In Edmonton, Larsson is forced to play No. 2 minutes. In Toronto, as a No. 4, we predict that Leafs fans would fall in love with his game. Larsson has two years left at $4.16-million while Kadri has three remaining at $4.5-million. The guts of a deal are there.

Wingers for centres

It’s a forgone conclusion that Leon Draisaitl will go down in Oilers history as Connor McDavid’s left-winger. Sure, he’ll get some starts at centre. But when the chips are down, or the roster matures into something far closer to a finished product, Draisaitl and McDavid will play together on the first line in Edmonton.

So the Oilers need some wingers.
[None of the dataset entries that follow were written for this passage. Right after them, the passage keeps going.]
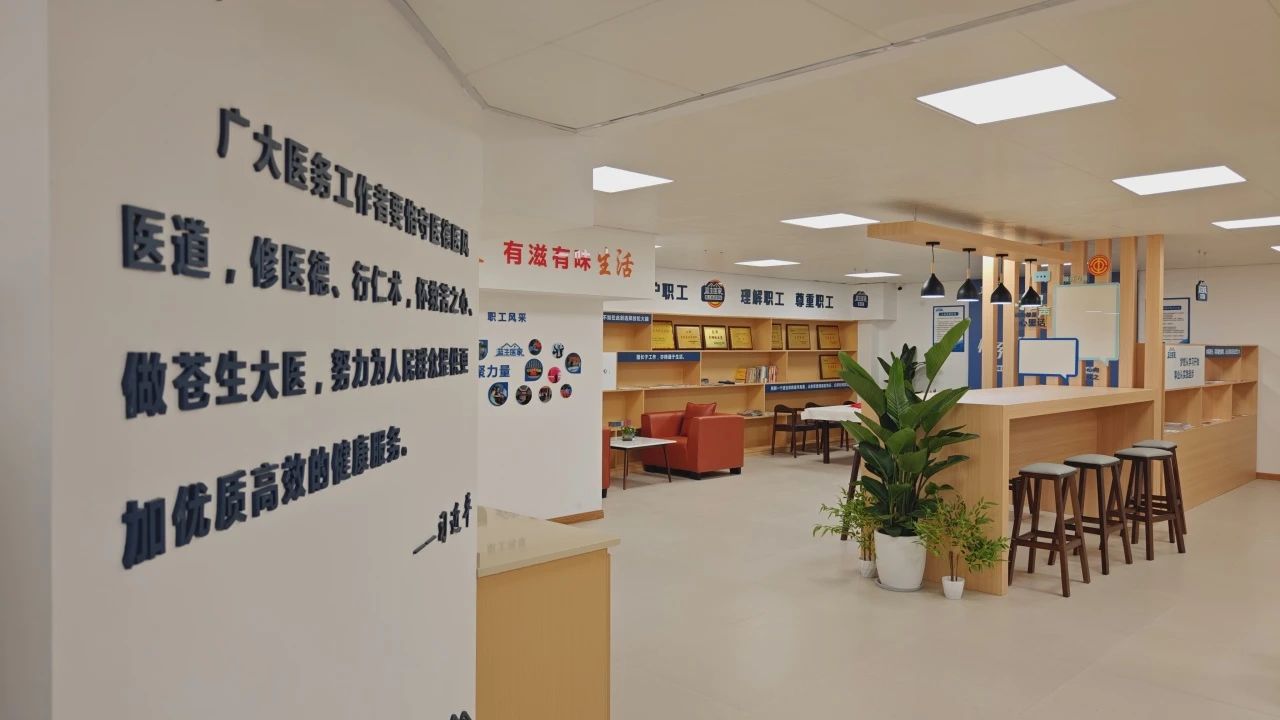 職工之家位于醫院4號樓六樓,設計巧妙融合了現代簡約與傳統美學,為職工打造了一個集休息、學習、交流與放松于一體的全方位多功能空間。這里設有舒適的休閑區,供職工放松疲憊身心;運動區配備了齊全的健身設施,鼓勵職工保持活力與健康;溫馨的閱讀角則提供了豐富的醫學書籍與人文讀物,滋養心靈,拓寬視野。
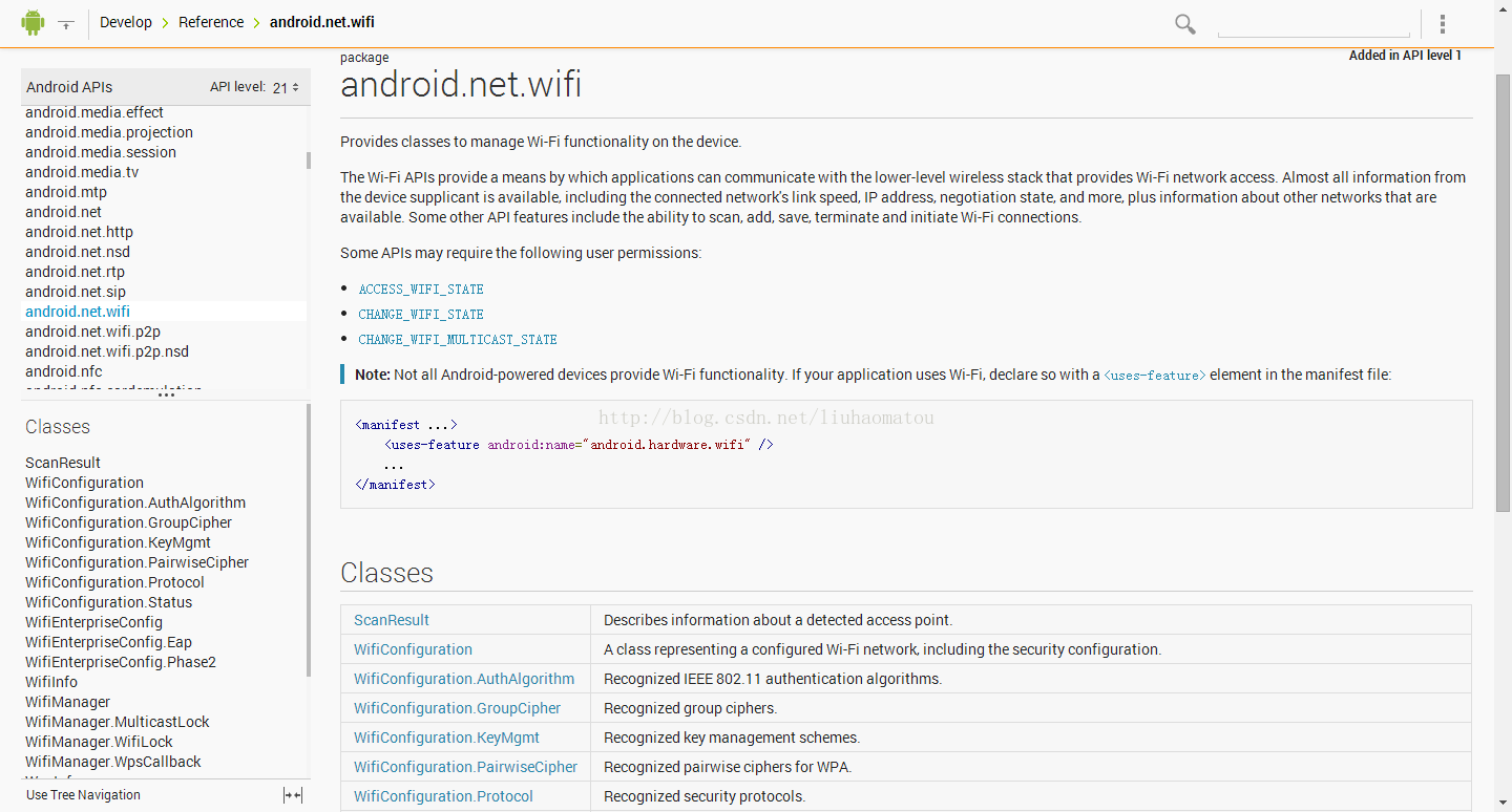 在Android里,所有的wifi操作都在android.net.wifi包里,而常用的类也就只用几个,对于一般的开发人员来说,常用的操作也是有限的,不需要刻意的去记,用的时候现查就ok了。以下是官方API 网址: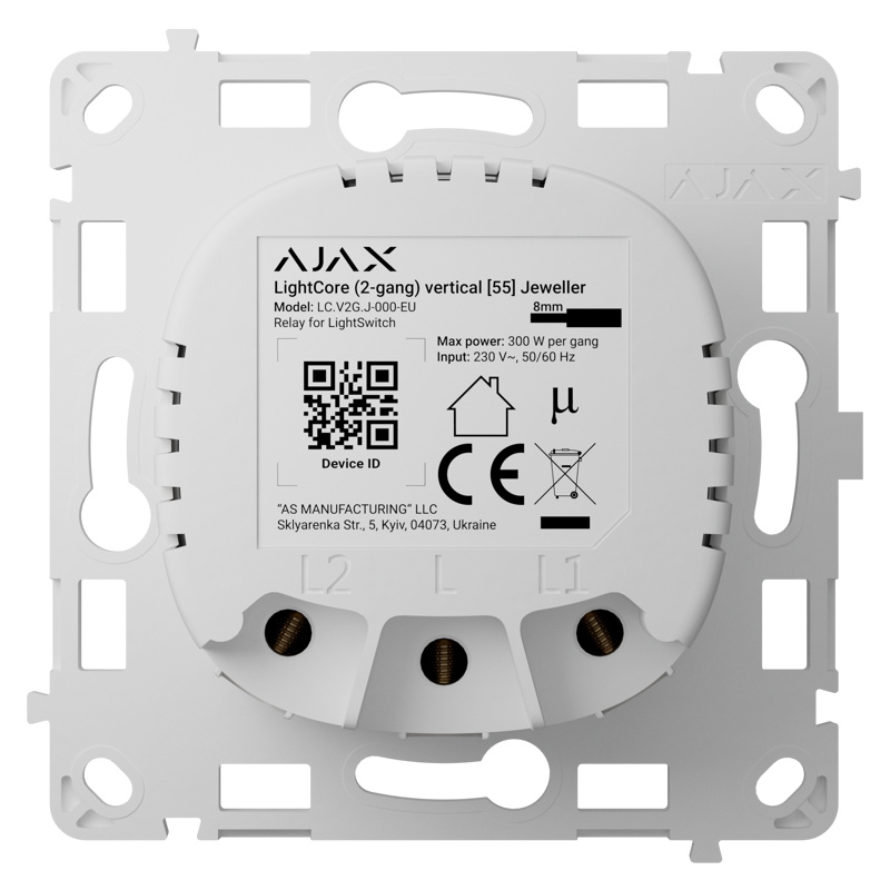 Napájecí napětí: 230V AC / 50 Hz Maximální spínaný výkon: 600 W pro spínače řazení 1, 6 a 7 300 W pro spínače řazení 5 Proudová ochrana: Nad 2\.6 A (Pokud je ochrana aktivována, LightSwitch vypne odpojí napájení a odešle notifikaci do aplikací Ajax). Teplotní ochrana: Nad 60 °C (Pokud je ochrana aktivována, LightSwitch vypne odpojí napájení a odešle notifikaci do aplikací Ajax). Připojení: Fázový vodič (nulový vodič není vyžadován)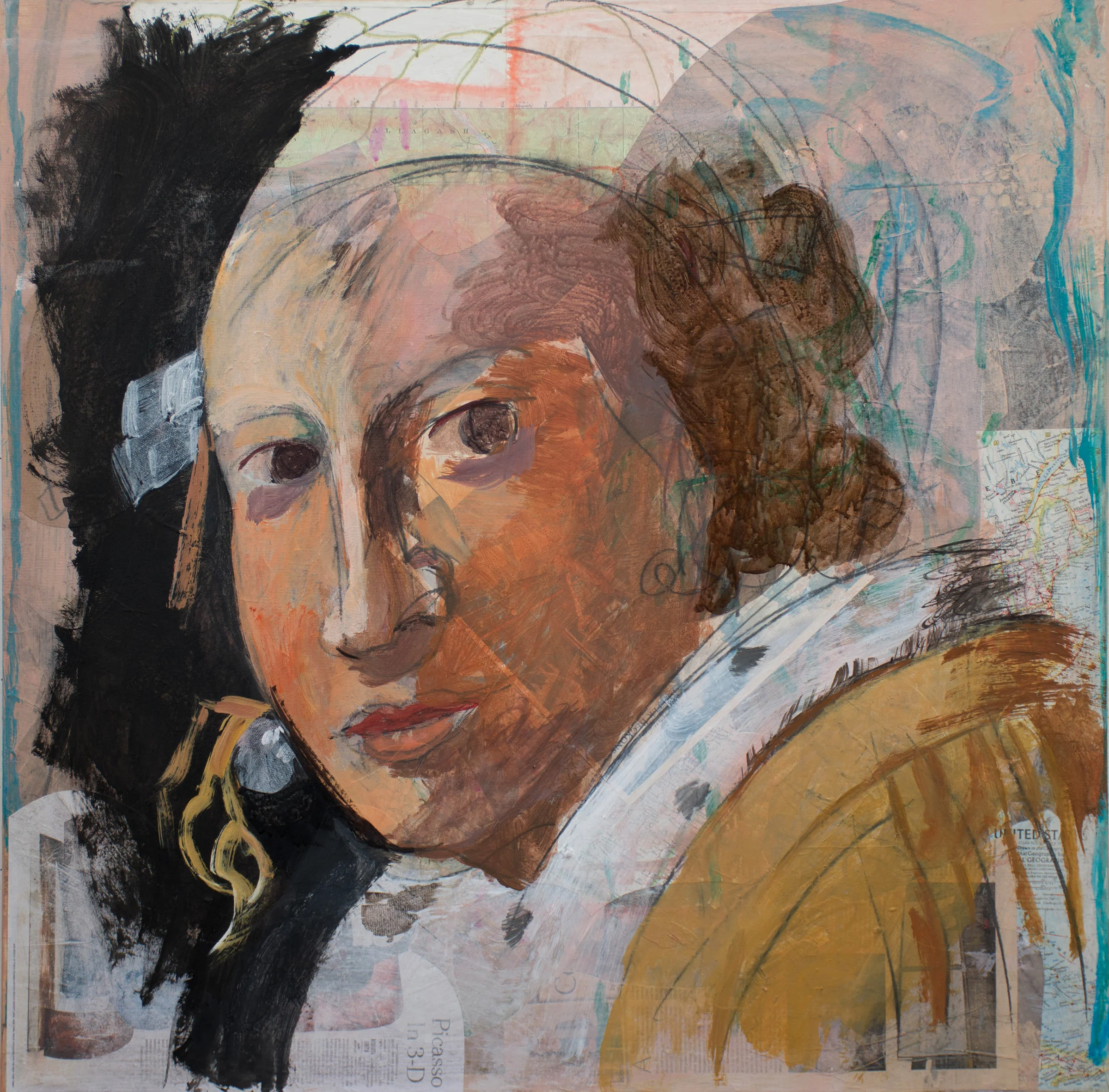 2:03 PM: gaze 27 is now a second variation on vermeer's lady writing a letter, the first being gaze 16 (formerly grey 16) i'll continue work on this tomorrow after our 5 am trail walk. it will undoubtedly soften, but i'm feeling good about the direction it's heading. the collaging i did earlier today prepared the ground for her, as did a series of calligraphic strokes i made on the canvas before collaging, a few of which can still be seen, such as the faint blue marks on the upper right. i had to wait to receive more of my favorite black, which is far superior to any of the other blacks i have, and is made by sennelier. got to stop early for a meeting.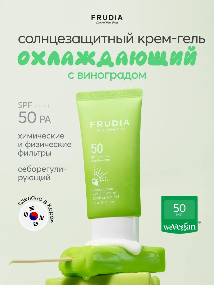 Себорегулирующий солнцезащитный крем-гель с зеленым виноградом FRUDIA SPF50+ PA+ - для жиркой и комбинированной кожи лица это идеальное средство для надежной защиты кожи от неблагоприятного воздействия ультрафиолетовых лучей. Благодаря высокому фактору защиты SPF50 и PA+, он обеспечивает высокую степень протекции от UVA и UVB лучей, предотвращая возникновение солнечных ожогов и преждевременное старение кожи. Крем содержит химические и физические фильтры, что обеспечивает высокую защиту и делает его комфортным для ежедневного использования. Нежная кремовая консистенция отлично впитывается без липкости и жирной пленки. Это отличное решение для тех, кто ищет эффективное солнцезащитное средство, не утяжеляющее кожу. Санскрин не выбеливает, оставляет естественный финиш с легким сиянием. Подходит для использования под макияж.

A cheap, quick one for the first line, and a couple of guys who can work with Nugent-Hopkins on line two to produce some complimentary offence.

They’re not even looking at the Mats Zuccarellos or Ryan Dzingels due to their cap situation. They enter the UFA class at about the Brett Connolly, Jonas Donskoi plateau.

With Jesse Puljujarvi’s agent saying he’ll choose Europe over another season with the Oilers, and promising farmhands Tyler Benson and Kailer Yamamoto likely a year away, Edmonton needs some help for their centremen, and they need it now.

The goalie

Our prediction? Mike Smith, who played for Dave Tippett in both Dallas and Arizona, takes his pads up Highway 2 and signs with the Oilers. The only fly in that ointment would be if Smith decides to re-sign with the Flames, a team he says he enjoyed being with for the past two seasons.

Failing that scenario, how about either of the UFA tandem from Carolina: Petr Mrazek or Curtis McElhinney?

It’s hard to see a tight-spending outfit like the Hurricanes re-upping both players. We’re betting one is looking for work after July 1.